Claim: An Epsom salts detox bath stimulates the lymph system and encourages increased oxygen and blood flow to our body.

Prof Boobis says: A warm, relaxing bath can lower blood pressure and inhaling steam can have a relaxing effect. But there is no detoxing effect. 

DETOX TABLETS

Claim: A blend of vitamins, minerals, antioxidants including beta-carotene and N-acetylcysteine, to support the body’s natural eliminative processes.

Prof Boobis says: This wouldn’t have any impact at all. N-acteylcysteine would not be needed in a normal diet, which already contains similar substances.

Added antioxidants are no use to those already on a balanced diet and, at very high levels, beta carotene has been linked to cancer. 

DETOX SOCKS

Claim: These draw out and absorb stagnant lymph fluid, toxins and other impurities.

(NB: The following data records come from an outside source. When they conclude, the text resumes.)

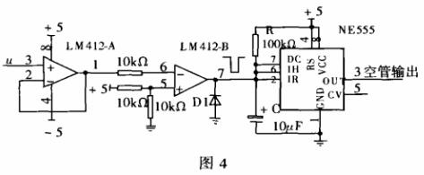 為了排除以上干擾,設計了一個檢測電路(見圖4)。整個檢測電路由跟隨器、比較器、定時器組成。跟隨器的作用是將檢測電路與儀表的其他電路隔離,防止檢測電路對信號u產生影響。比較器電路的正向輸入端接2.5V的電壓,當傳感器管路不是空管時,由于信號u,ZUI大值不超過0.5V,所以比較器的輸出始終為高電平;當傳感器管路為空管時,比較器輸出一序列的方波信號。二極管D1為方波信號的負電壓提供回路。由NE555構成的通用定時器電路的工作原理是:當輸入觸發信號電平低于電源電壓的1/3時,內部比較器開始工作,觸發電路觸發,內部的放電晶體管斷開,電容C被充電。充電電壓超過電源電壓的2/3時,內部比較器再次工作,放電晶體管把電容C中積蓄的電荷放掉,然后等待下次觸發,輸出脈沖寬度由T=1.1×C×R確定,脈沖寬度ZUI長可達數十秒。
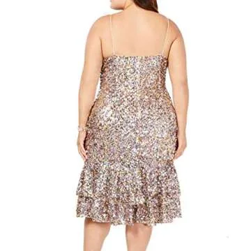 The Adrianna Papell Women's Plus Sequined Cocktail Midi Dress is available in various plus sizes to ensure a comfortable fit for curvy women.
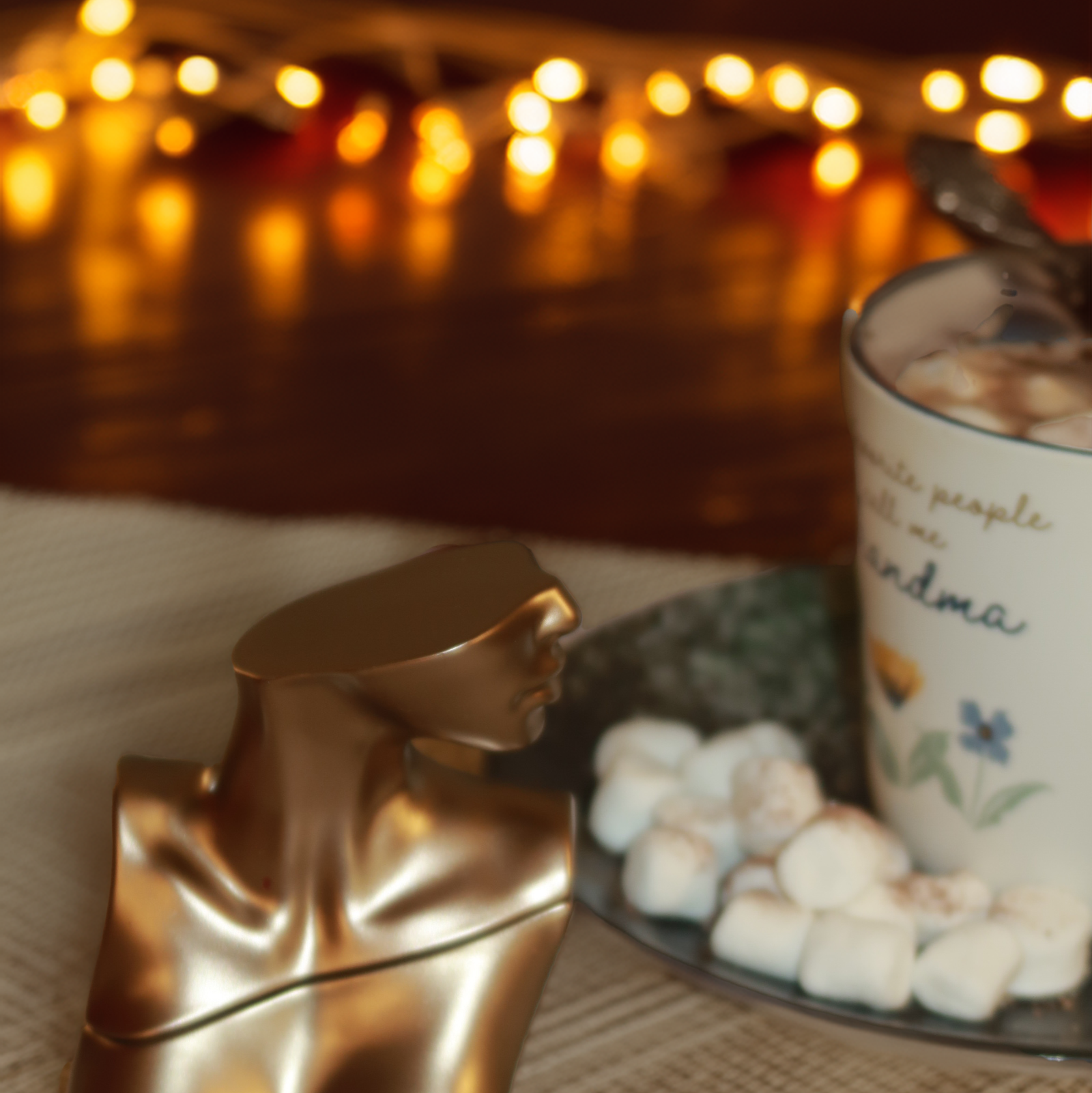 hot cocoa, marshmallows, with the smell of vanilla seeds in the silent flames, as you’re surrounded by a soft embrace.
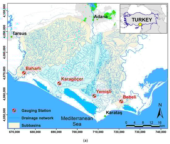 Location of the Lower Seyhan Plain (a) and the gauging stations used in the study (b).
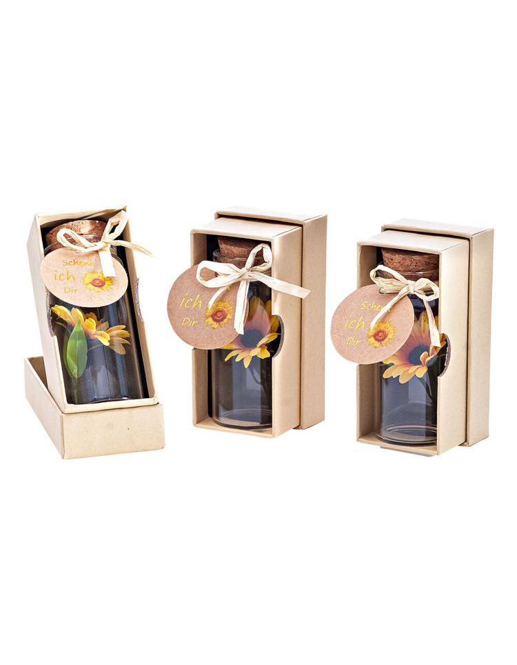 3 Gläser mit Sonnenblumen-Deko Höhe 8 cm Mit Geschenk-Anhänger Originelle Geschenkverpackung für Kleinigkeiten Je in einer extra Geschenkbox Fröhlicher Blumengruß: Geschenkset Sonnenblume im Glas , 3er-Set Die kleine Sonnenblume fällt sofort ins Auge. Ihr strahlendes Gelb verbreitet Fröhlichkeit und gute Laune. Positive Energie kann jeder gut gebrauchen! Sie ist sorgfältig untergebracht in einem Glas mit Korkenverschluss. Ein aufwendig gestalteter Geschenkanhänger mit Sonnenblumen-Motiv und goldglänzender Schrift rundet das Set perfekt ab. Mit dem Bastband können Sie ihn am Glas befestigen! Kleinigkeiten, hübsch verschenkt Für Geldgeschenke, Gutscheine, zarte Schmuckstücke oder einen kleinen Talisman ist das Geschenkset Sonnenblume im Glas , 3er-Set, perfekt geeignet! Sie können zusätzlich Seidenpapier oder Organzastoff ins Glas legen, damit Ihre Gabe nicht sofort zu erkennen ist. Zusammen mit der Sonnenblume können Sie sicher sein, dass dieses besondere Geschenk richtig gut ankommt! Aber auch einfach als Mitbringsel und kleines Dankeschön eignen sich die Gläser wunderbar. Nicht umsonst ist auf dem Anhänger ein guter Wunsch aufgedruckt: ... damit die Sonne immer für Dich scheint . Geschenkset Sonnenblume im Glas , 3er-Set 3 zylinderförmige Gläser (Höhe 8 cm, Ø 3,5 cm) mit Korkenverschluss je gefüllt mit einer Sonnenblume aus Kunststoff inkl. Anhänger mit Sonnenblumen-Motiv und Schrift im Gold-Print Bastband jedes Glas in eigener Geschenkbox Das Geschenkset Sonnenblume im Glas , 3er-Set, ist perfekt geeignet, um einen lieben Menschen mit einer Kleinigkeit zu überraschen. Bestellen Sie am besten gleich einen Vorrat, damit Sie sich immer für spontane Einladungen oder kleine Gefallen gleich bedanken können. Jetzt gleich in den Warenkorb legen und noch heute bei uns online kaufen!
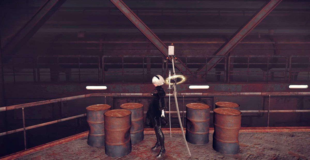В задней части арены, где появляется 2B, есть несколько бочек. Между ними небольшое пустое пространство — нам туда. Стоя между бочками, надо ввести следующий код на геймпаде: удерживая R2, жмите вверх, вниз, вверх, направо, налево, квадрат, круг, треугольник, крест.
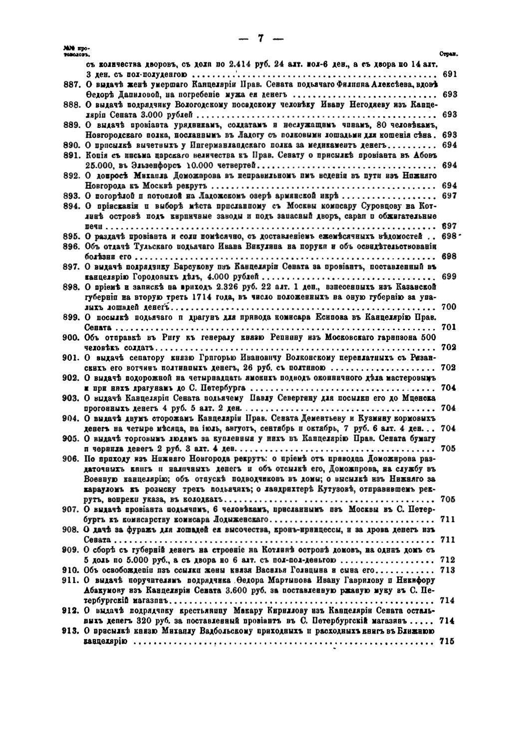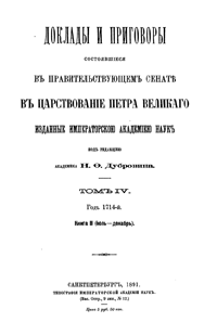 Доклады и приговоры состоявшiеся въ Правительствующемъ Сенатѣ въ царствованiе Петра Великаго
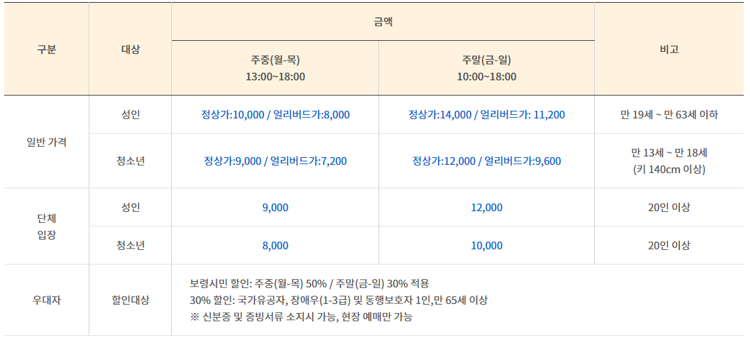 | 주말(금~일) | 오전 10시 ~ 오후 6시 (10:00~18:00) |
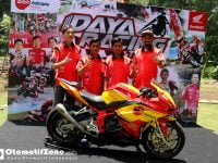 General Manager Sales Marketing & Logistik DAM, Lerri Gunawan diatas panggung memperkenalkan tiga tim binaanya, yaitu Daya Trijaya Racing Team (Rudi Hadinata), Honda Daya Jayadi Racing Team (Jayadi), dan Honda Daya Golden Racing Team(Zaenal Mutaqin).
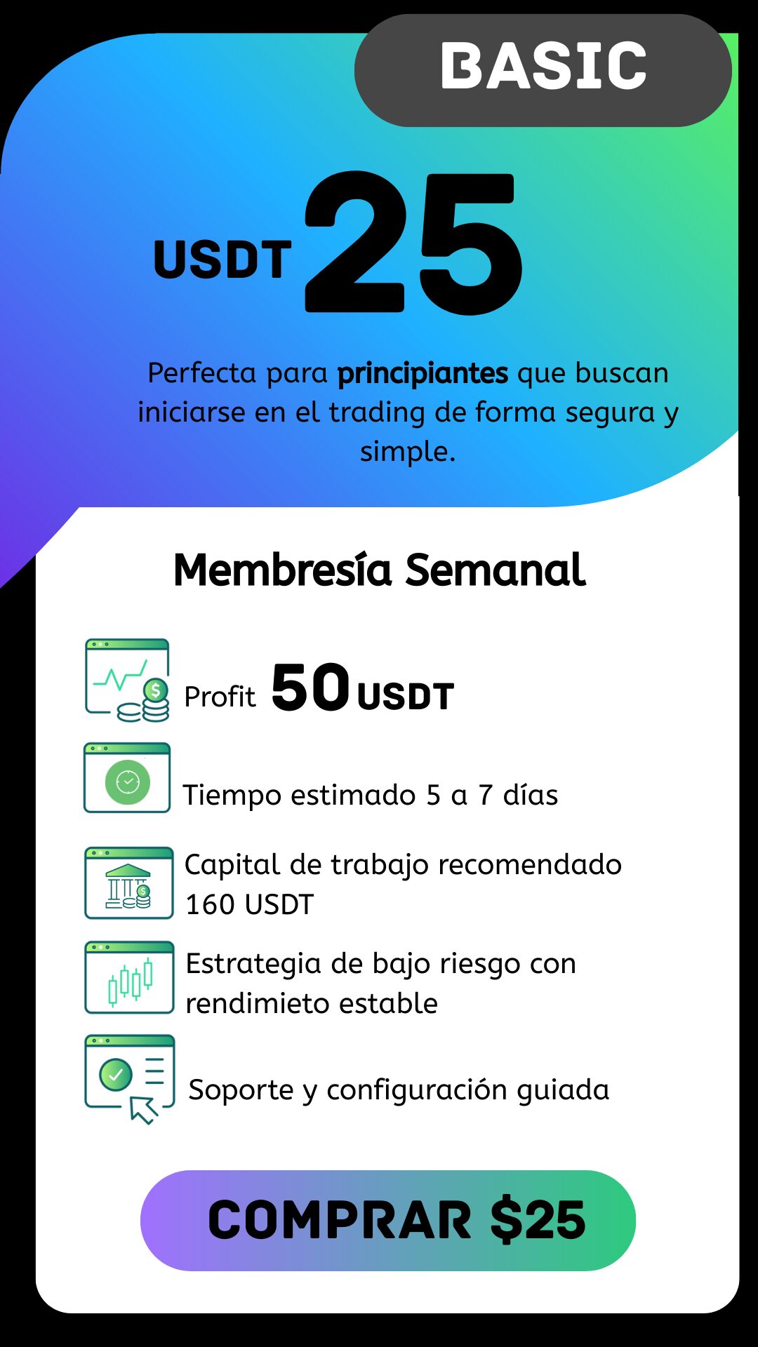 Con la membresía BASIC, el capital requerido de USDT 160, ideal para comenzar a operar con bajo riesgo y descubrir todo el potencia de TRADIXBOT de forma automatizada.
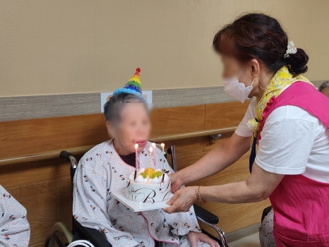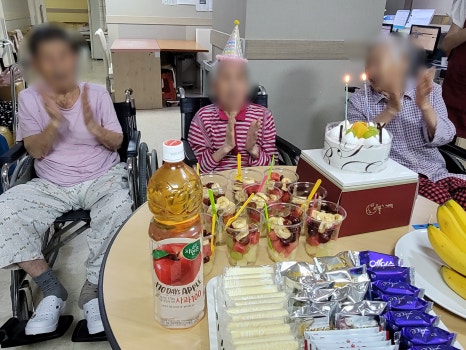 이번 달에는 각 층에서 생신잔치를 진행했습니다.
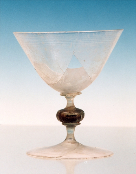 | 4b | cilindrisch, trechtervormig of komvormig kelkglas met of zonder afgeronde bodem (ook met verticaal ribbenpatroon) met geribde holle nodus- of balusterstam, met één of meer schijfjes, schijfvormige voet met pontilmerk |
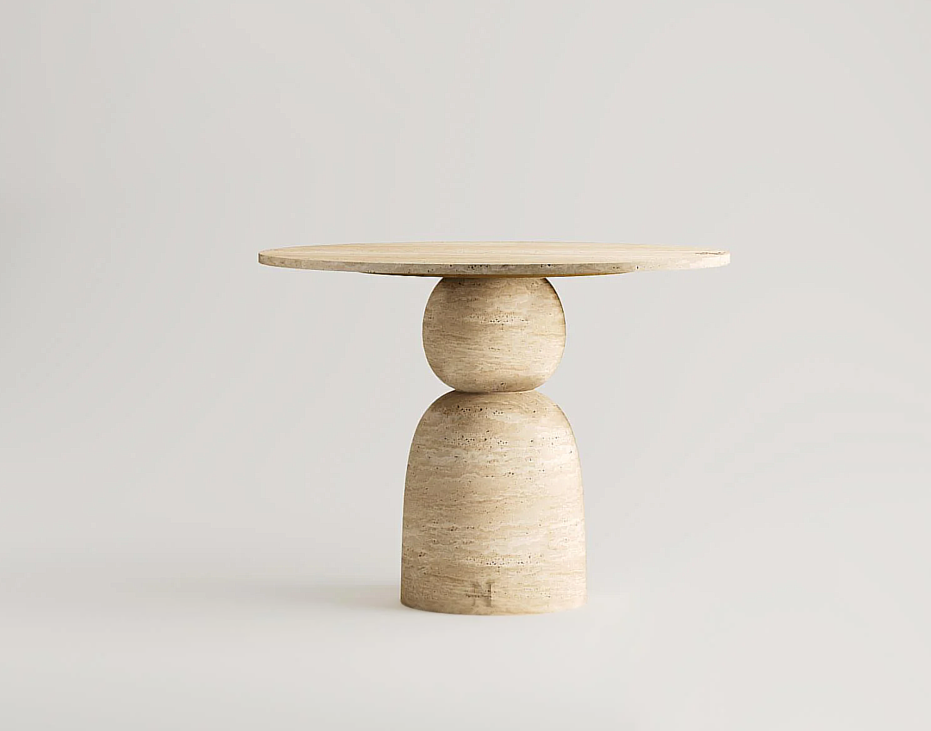 Gefertigt aus echtem Travertin – mit natürlicher Maserung, warmen Farbnuancen und feinen Poren. Jede Tischplatte ist ein Unikat und spiegelt die Schönheit des Natursteins wider.
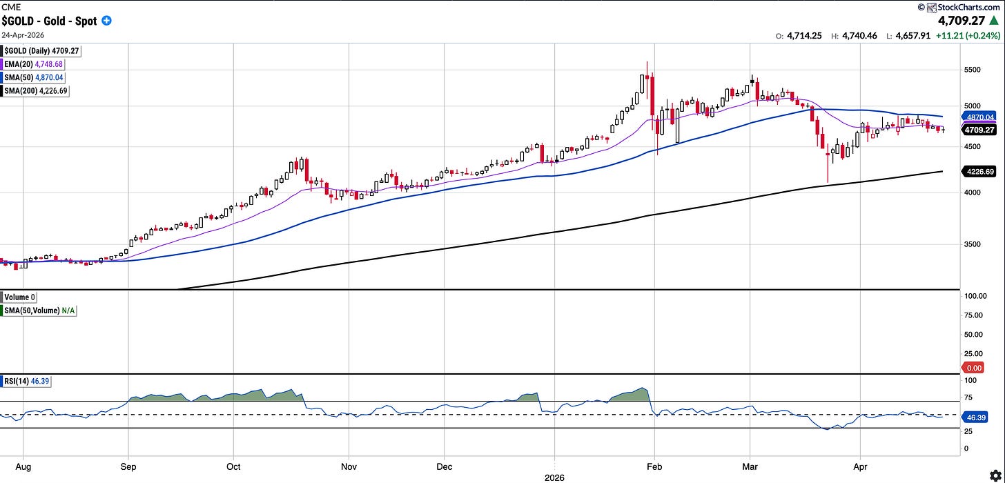 Gold remains in an uptrend, though it has started to consolidate below the overhead SMA 50, which is serving as a strong resistance level.

Prof Boobis says: Even if the socks did help remove toxins — which is implausible — they only cover a tiny fraction of the skin’s total surface area. And lymph fluid rarely stagnates. 

BODY WRAP

Claim: Helps eliminate harmful toxins from your body and provide essential vitamins and minerals to your skin.

Prof Boobis says: Sweating is a natural process and that’s what the wraps may make you do. But perspiration is not a major route for removing harmful substances, so sweating more will have no effect. This wouldn’t make any difference. 

NETTLE ROOT EXTRACT

Claim: Natural extract will cleanse and detoxify the body.

Prof Boobis says: I cannot see how a nettle root extract would have any kind of impact on the body in terms of ridding it of toxins. The mechanisms make no sense. 

FOOT SPA

Claim: An “Energizing Cartridge” creates a flow of electrons and a bioenergetic field into warm salted water to rebalance and harmonise by sending signals up through the lymph glands to stimulate the detox process.

Prof Boobis says: The skin — especially on the feet — is the least effective place to draw anything from the body. If you could penetrate it to “send signals” to the interior of the body, the effects would be catastrophic, because it would mean we could seriously alter the function of the body by signals through the skin. This would result in total imbalance of the body’s normal functions.